__Instructions to follow__. Could you restate word for word every line from the one containing "Calendar   |   Stand" to the end of the data below, pictures excluded?

----------

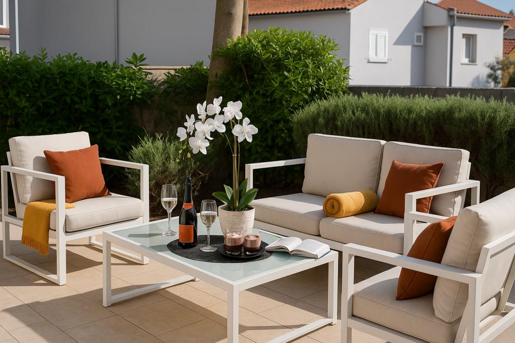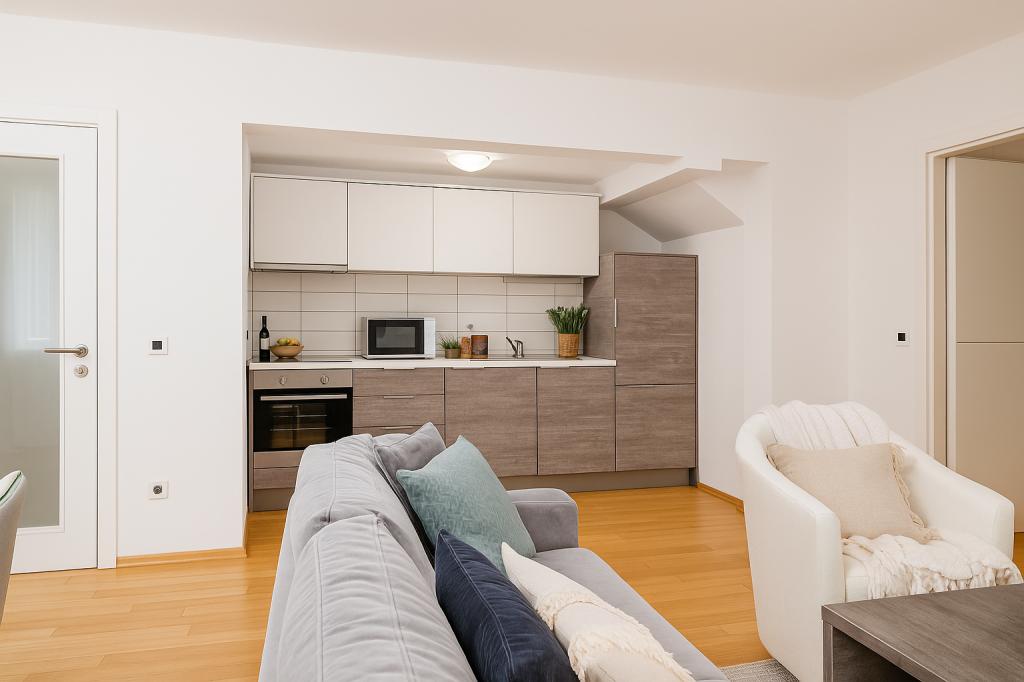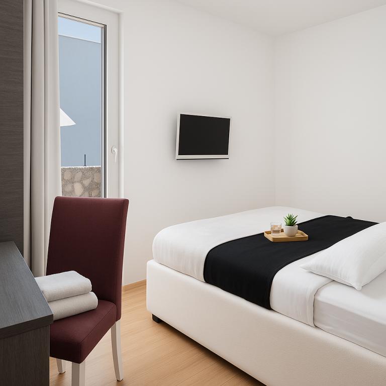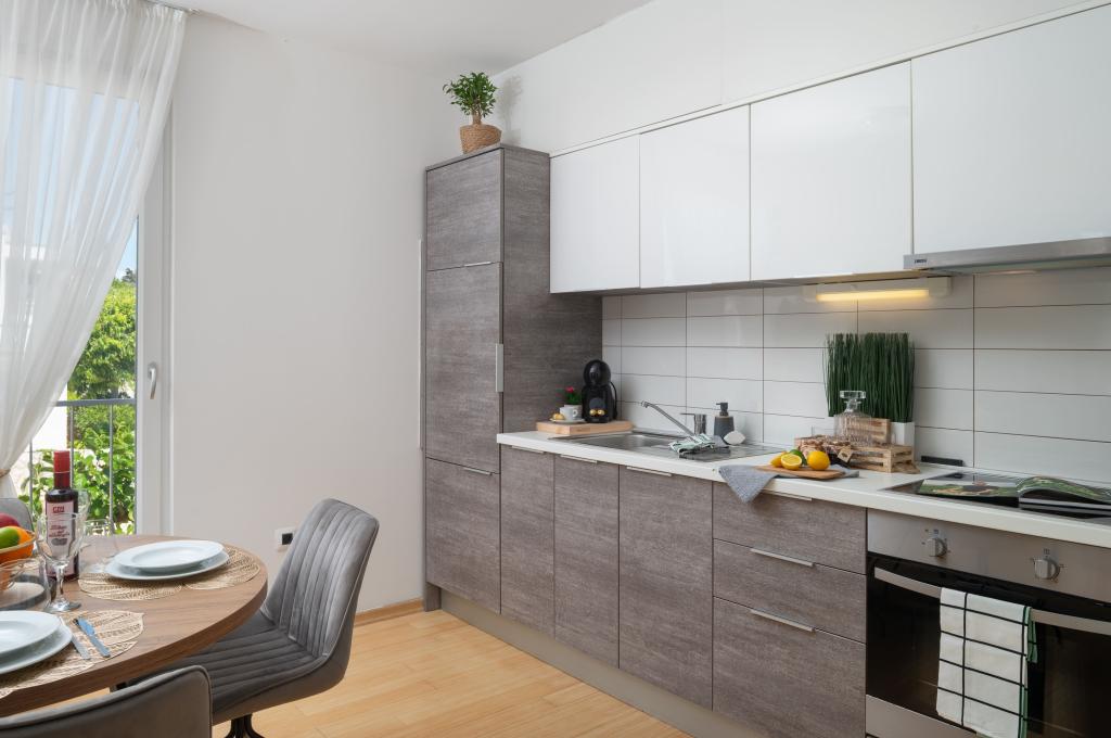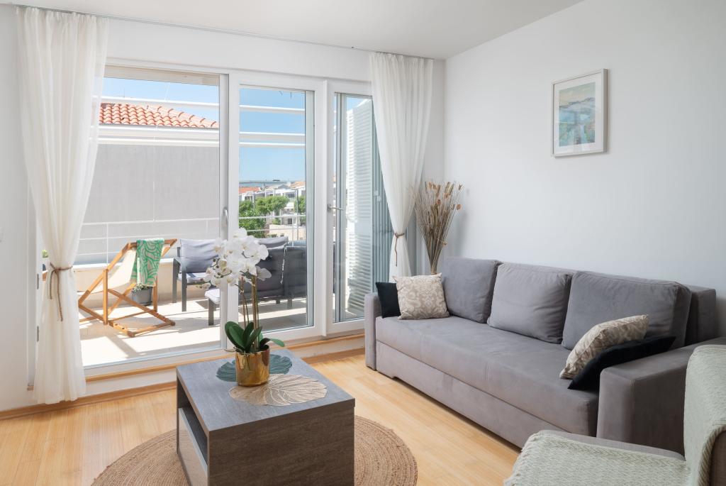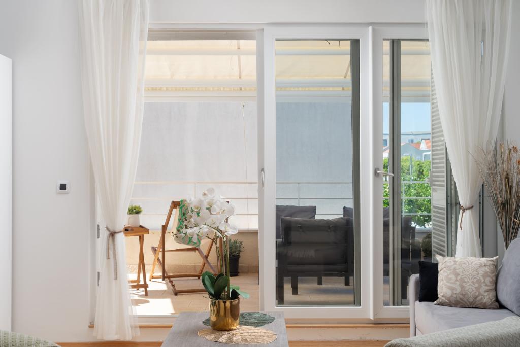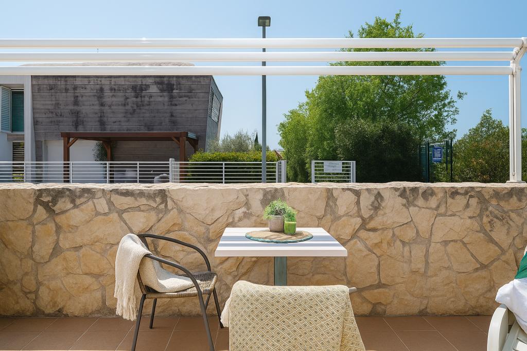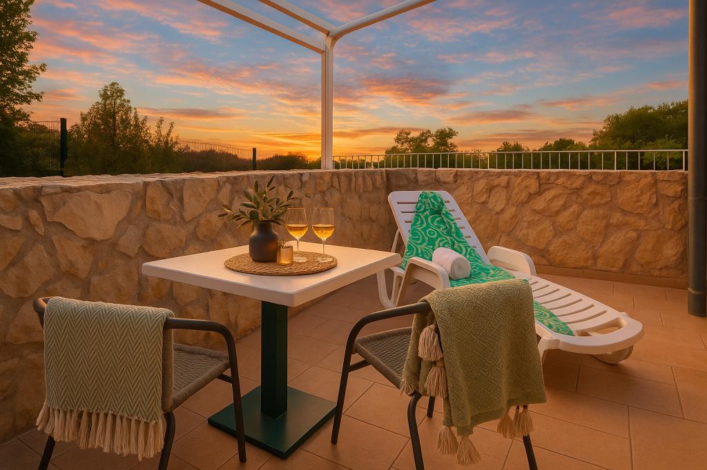Sunny Resort Apartment mit Meerblick 1314 in Petrčane bietet die perfekte Kombination aus Komfort und erstklassiger Lage für einen erholsamen Urlaub. Gelegen im Sunny Resort-Komplex, in unmittelbarer Nähe der Hotels Falkensteiner Diadora und Iadera, befindet sich dieses 49 m² große Ein-Zimmer-Apartment im zweiten Stock mit privatem Eingang und bietet Meerblick. Apartmentbeschreibung - Kapazität: Bis zu 4 Personen (1 Schlafzimmer mit Doppelbett + Schlafsofa im Wohnzimmer) - Größe: 49 m² - Lage: Zweiter Stock, dritte Reihe vom Meer, privater Eingang - Aussicht: Balkon und Terrasse mit Meerblick - Ausstattung: Klimaanlage, voll ausgestattete Küche, WLAN, Flachbildfernseher, Netflix
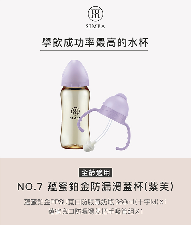 【新品上市】小獅王辛巴 全齡適用- 360ml/12oz NO.7蘊蜜鉑金防漏滑蓋杯 (紫芙)
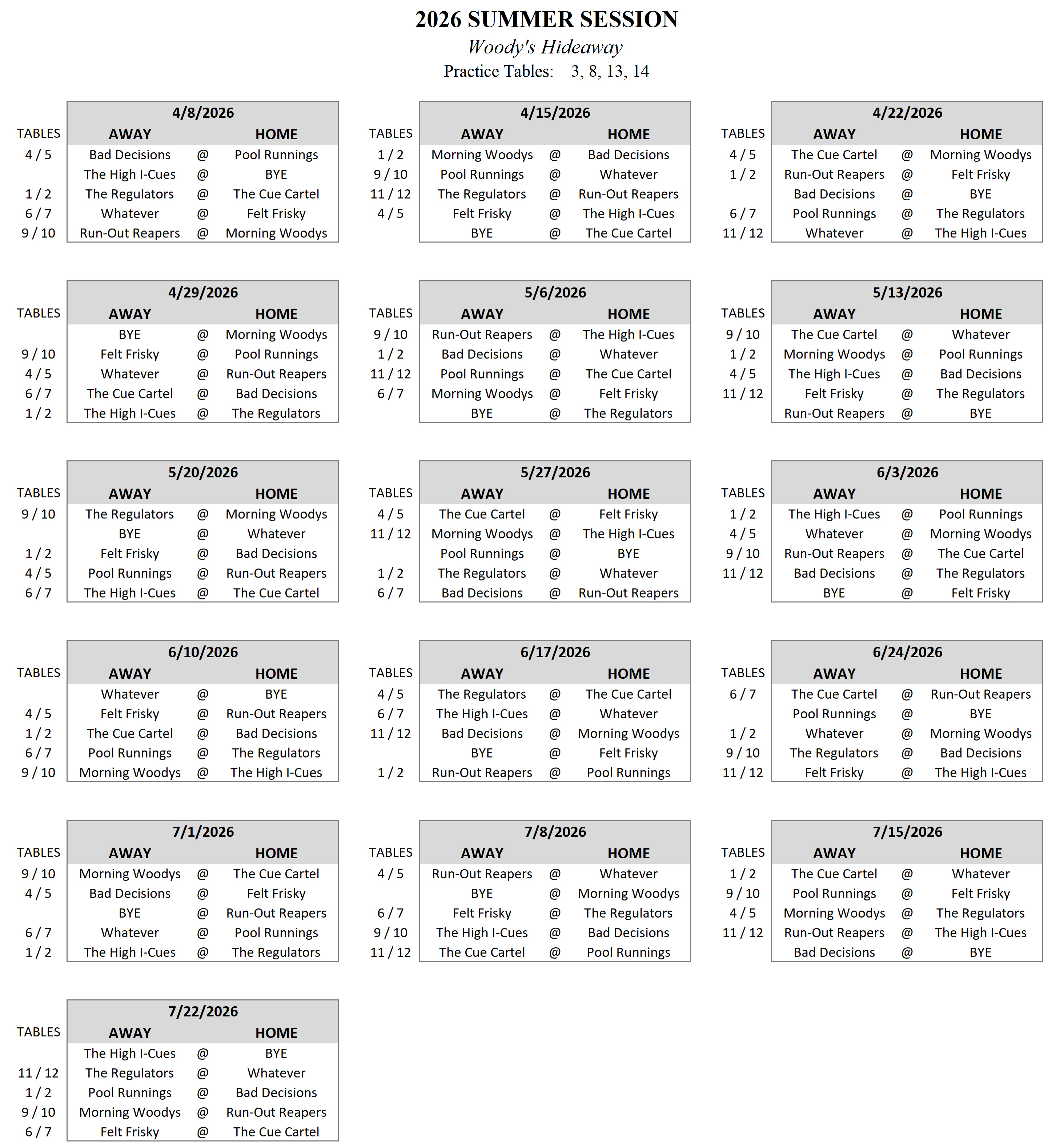 Calendar   |   Standings   |   Table Assignments   |   Updates
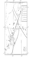 4. Данные о пространственном распределении эпицентров землетрясений [6] свидетельствуют о том, что в зоне субдукции дуги Срединного хребта еще сохранились остаточные движения. Возможно, что движения еще не совсем прекратились и на участке между Малко-Петропавловской и Алеутской зонами поперечных разломов. Эти разломы являются трансформными, и по ним произошел перескок зон субдукции (рис. 4).
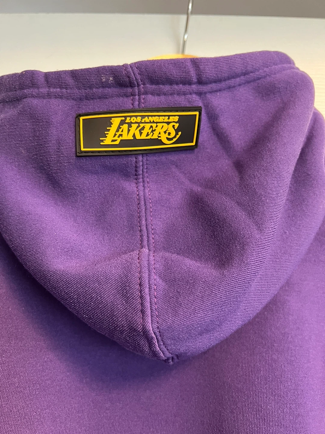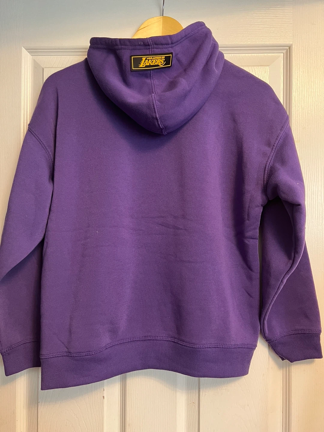 This is a Los Angeles Lakers purple hooded sweatshirt. It features the team's logo prominently on the front. It has a front kangaroo pocket and a yellow-lined hood. Size 14-16 youth.

----------

__Task result__.
 Calendar   |   Standings   |   Table Assignments   |   Updates
 4. Данные о пространственном распределении эпицентров землетрясений [6] свидетельствуют о том, что в зоне субдукции дуги Срединного хребта еще сохранились остаточные движения. Возможно, что движения еще не совсем прекратились и на участке между Малко-Петропавловской и Алеутской зонами поперечных разломов. Эти разломы являются трансформными, и по ним произошел перескок зон субдукции (рис. 4).
 This is a Los Angeles Lakers purple hooded sweatshirt. It features the team's logo prominently on the front. It has a front kangaroo pocket and a yellow-lined hood. Size 14-16 youth.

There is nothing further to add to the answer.